On sait que, pour bénéficier de l’exonération de droits de mutation « Dutreil », les titres de l’entreprise doivent faire l’objet d’un engagement collectif de conservation pris par le défunt ou le donateur, pour lui et ses ayants cause à titre gratuit, avec d’autres associés (a de l’article 787 B du CGI). Cet engagement doit porter sur une part du capital et des droits de vote excédant les seuils de détention fixés au b du même article.
Cet engagement collectif est réputé acquis lorsque les titres détenus depuis deux ans au moins par une personne physique (seule ou avec son conjoint ou partenaire de Pacs) atteignent le seuil de détention exigé, sous réserve que cette personne (ou son conjoint ou partenaire de Pacs) exerce depuis plus de deux ans au moins dans la société son activité professionnelle principale ou une fonction de direction.
Par ailleurs, dans tous les cas, la loi exige l’exercice d’une fonction de direction dans la société pendant les trois années qui suivent la transmission (d de l’art. 787 B du CGI).

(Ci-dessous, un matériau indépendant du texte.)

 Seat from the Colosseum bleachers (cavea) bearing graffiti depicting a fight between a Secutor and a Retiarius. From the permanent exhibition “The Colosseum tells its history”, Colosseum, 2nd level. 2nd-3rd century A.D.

Le litige porté devant la Cour de cassation portait sur les modalités de respect de cette condition de direction en cas de transmission après engagement réputé acquis.
En l’espèce, le contribuable, qui détenait seul depuis plus de deux ans, dans la société qu’il dirigeait, une part du capital supérieure au seuil de détention exigé, a fait donation d’actions de cette société à ses enfants sous le régime de l’engagement collectif réputé acquis. Toutefois, lui seul a exercé, après la donation, une fonction de direction dans l’entreprise.

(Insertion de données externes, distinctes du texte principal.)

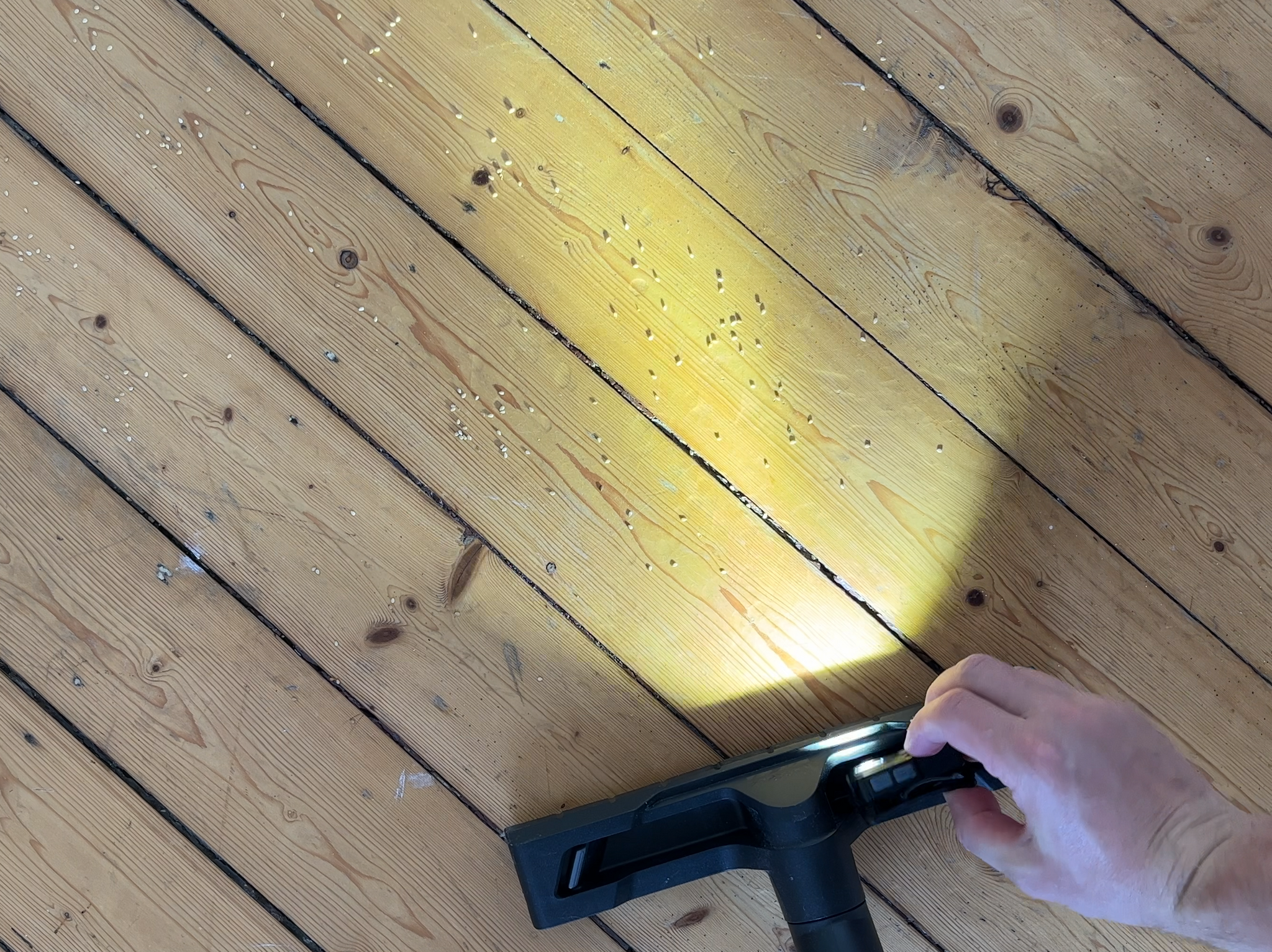 3. Лучше увидеть пыль. Если прикрепить фонарик к пылесосу, то вы сможете с лёгкостью определить, на каких участках пола ещё осталась пыль.

L’administration a remis en cause le bénéfice de l’exonération au motif que les personnes prises en compte pour l’exercice d’une fonction de direction après la transmission ne comprennent pas le donateur. Ce faisant, elle a fait application de sa doctrine constante depuis une réponse ministérielle Moreau du 7 mars 2017 (n° 99759, JO AN p. 1983), selon laquelle, dans l’hypothèse d’un engagement collectif réputé acquis, l’exonération ne trouve pas à s’appliquer lorsque, postérieurement à la transmission, le donateur assure lui-même la fonction de dirigeant de la société : en effet, dans cette situation le donateur n’est pas signataire d’un engagement de conservation.
Par un arrêt du 24 janvier 2024, la Cour de cassation valide la position de l’administration, en jugeant qu’en cas d’engagement réputé acquis, l’exonération ne s’applique que lorsque l’un des héritiers, donataires ou légataires remplit la condition de direction pendant les trois années suivant la transmission.
Elle déduit cette règle d’une lecture combinée des dispositions du a et du d de l’article 787 B du CGI. En effet, le d exige que « l’un des associés mentionnés au a ou l’un des héritiers, donataires ou légataires mentionnés au c » exerce la fonction de direction après transmission. Dans la mesure où aucun associé ne reste tenu à l’engagement collectif après transmission dans le cadre du régime réputé acquis, seuls les héritiers, donataires ou légataires peuvent remplir cette condition.
En pratique
L’exercice de la fonction de direction par le donateur après la transmission ne permet pas de bénéficier de l’exonération « Dutreil » dans le cadre du régime de l’engagement réputé acquis.